### PROBLEM TO WORK ON
Only the pictures are to be left out; return the rest of the data exactly as it stands.
··· PROVIDED DATA
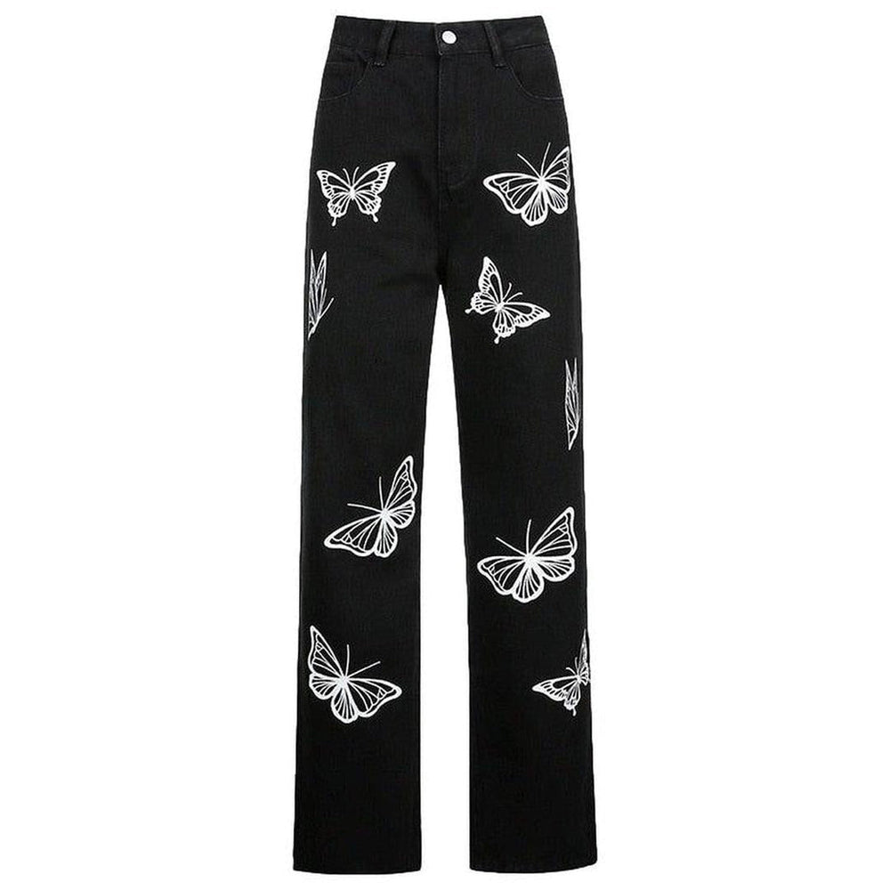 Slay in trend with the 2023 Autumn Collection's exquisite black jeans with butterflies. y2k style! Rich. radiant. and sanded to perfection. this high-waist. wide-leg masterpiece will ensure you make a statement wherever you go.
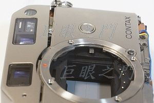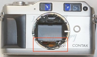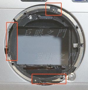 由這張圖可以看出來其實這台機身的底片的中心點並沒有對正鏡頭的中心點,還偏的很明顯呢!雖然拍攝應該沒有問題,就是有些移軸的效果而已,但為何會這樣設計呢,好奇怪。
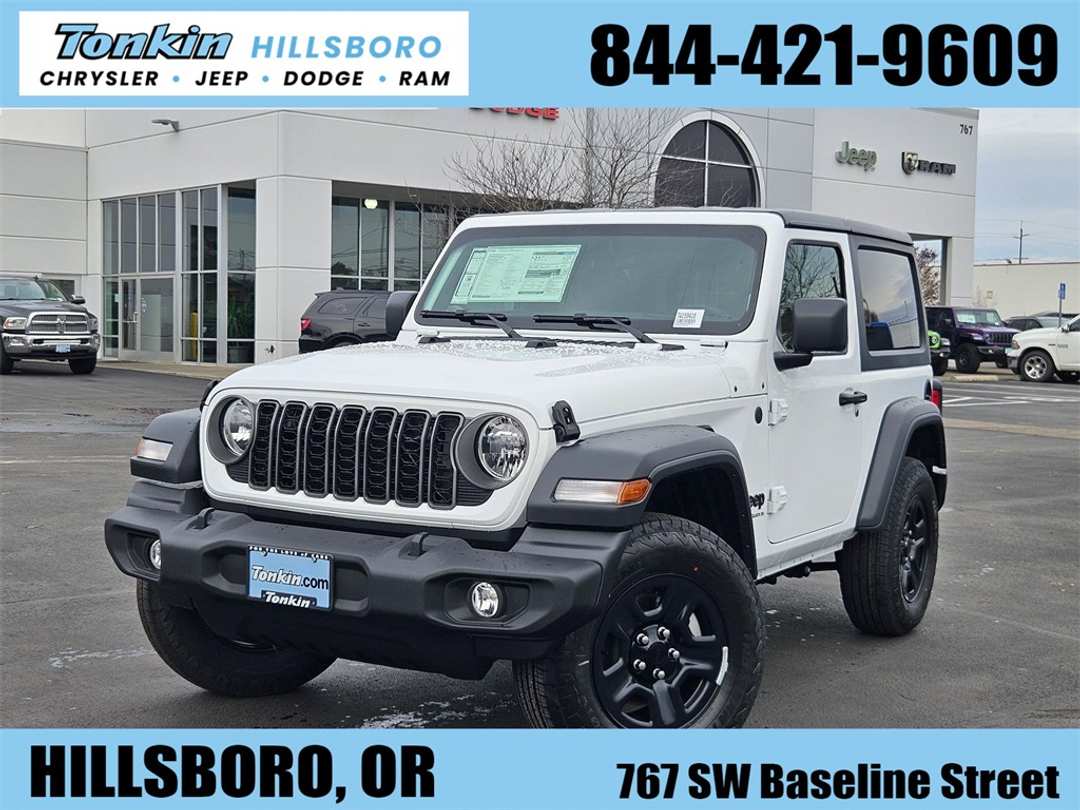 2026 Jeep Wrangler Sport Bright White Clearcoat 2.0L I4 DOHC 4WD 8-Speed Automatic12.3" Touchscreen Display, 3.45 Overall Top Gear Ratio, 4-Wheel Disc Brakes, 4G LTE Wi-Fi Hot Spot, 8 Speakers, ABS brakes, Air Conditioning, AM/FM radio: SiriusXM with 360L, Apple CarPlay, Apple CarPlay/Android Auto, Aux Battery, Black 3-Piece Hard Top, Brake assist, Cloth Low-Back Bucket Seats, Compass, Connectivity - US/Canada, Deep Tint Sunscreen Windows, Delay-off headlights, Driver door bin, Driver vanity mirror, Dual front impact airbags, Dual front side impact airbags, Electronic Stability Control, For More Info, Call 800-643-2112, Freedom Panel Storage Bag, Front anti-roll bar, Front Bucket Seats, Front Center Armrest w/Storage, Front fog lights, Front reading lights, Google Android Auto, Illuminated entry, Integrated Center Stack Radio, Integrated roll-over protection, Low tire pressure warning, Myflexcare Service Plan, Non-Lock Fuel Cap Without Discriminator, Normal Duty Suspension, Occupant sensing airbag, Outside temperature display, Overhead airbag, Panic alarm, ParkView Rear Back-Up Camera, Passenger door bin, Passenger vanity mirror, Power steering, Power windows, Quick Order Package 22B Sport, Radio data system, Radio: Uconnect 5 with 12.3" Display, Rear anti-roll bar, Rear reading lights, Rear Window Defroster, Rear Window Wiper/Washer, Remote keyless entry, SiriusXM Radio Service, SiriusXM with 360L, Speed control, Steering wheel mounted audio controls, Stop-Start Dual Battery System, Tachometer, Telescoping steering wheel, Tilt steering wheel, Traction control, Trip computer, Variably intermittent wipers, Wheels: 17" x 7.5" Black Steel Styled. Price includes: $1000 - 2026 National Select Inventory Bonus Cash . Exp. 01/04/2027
······
### SOLUTION
 Slay in trend with the 2023 Autumn Collection's exquisite black jeans with butterflies. y2k style! Rich. radiant. and sanded to perfection. this high-waist. wide-leg masterpiece will ensure you make a statement wherever you go.
 由這張圖可以看出來其實這台機身的底片的中心點並沒有對正鏡頭的中心點,還偏的很明顯呢!雖然拍攝應該沒有問題,就是有些移軸的效果而已,但為何會這樣設計呢,好奇怪。
 2026 Jeep Wrangler Sport Bright White Clearcoat 2.0L I4 DOHC 4WD 8-Speed Automatic12.3" Touchscreen Display, 3.45 Overall Top Gear Ratio, 4-Wheel Disc Brakes, 4G LTE Wi-Fi Hot Spot, 8 Speakers, ABS brakes, Air Conditioning, AM/FM radio: SiriusXM with 360L, Apple CarPlay, Apple CarPlay/Android Auto, Aux Battery, Black 3-Piece Hard Top, Brake assist, Cloth Low-Back Bucket Seats, Compass, Connectivity - US/Canada, Deep Tint Sunscreen Windows, Delay-off headlights, Driver door bin, Driver vanity mirror, Dual front impact airbags, Dual front side impact airbags, Electronic Stability Control, For More Info, Call 800-643-2112, Freedom Panel Storage Bag, Front anti-roll bar, Front Bucket Seats, Front Center Armrest w/Storage, Front fog lights, Front reading lights, Google Android Auto, Illuminated entry, Integrated Center Stack Radio, Integrated roll-over protection, Low tire pressure warning, Myflexcare Service Plan, Non-Lock Fuel Cap Without Discriminator, Normal Duty Suspension, Occupant sensing airbag, Outside temperature display, Overhead airbag, Panic alarm, ParkView Rear Back-Up Camera, Passenger door bin, Passenger vanity mirror, Power steering, Power windows, Quick Order Package 22B Sport, Radio data system, Radio: Uconnect 5 with 12.3" Display, Rear anti-roll bar, Rear reading lights, Rear Window Defroster, Rear Window Wiper/Washer, Remote keyless entry, SiriusXM Radio Service, SiriusXM with 360L, Speed control, Steering wheel mounted audio controls, Stop-Start Dual Battery System, Tachometer, Telescoping steering wheel, Tilt steering wheel, Traction control, Trip computer, Variably intermittent wipers, Wheels: 17" x 7.5" Black Steel Styled. Price includes: $1000 - 2026 National Select Inventory Bonus Cash . Exp. 01/04/2027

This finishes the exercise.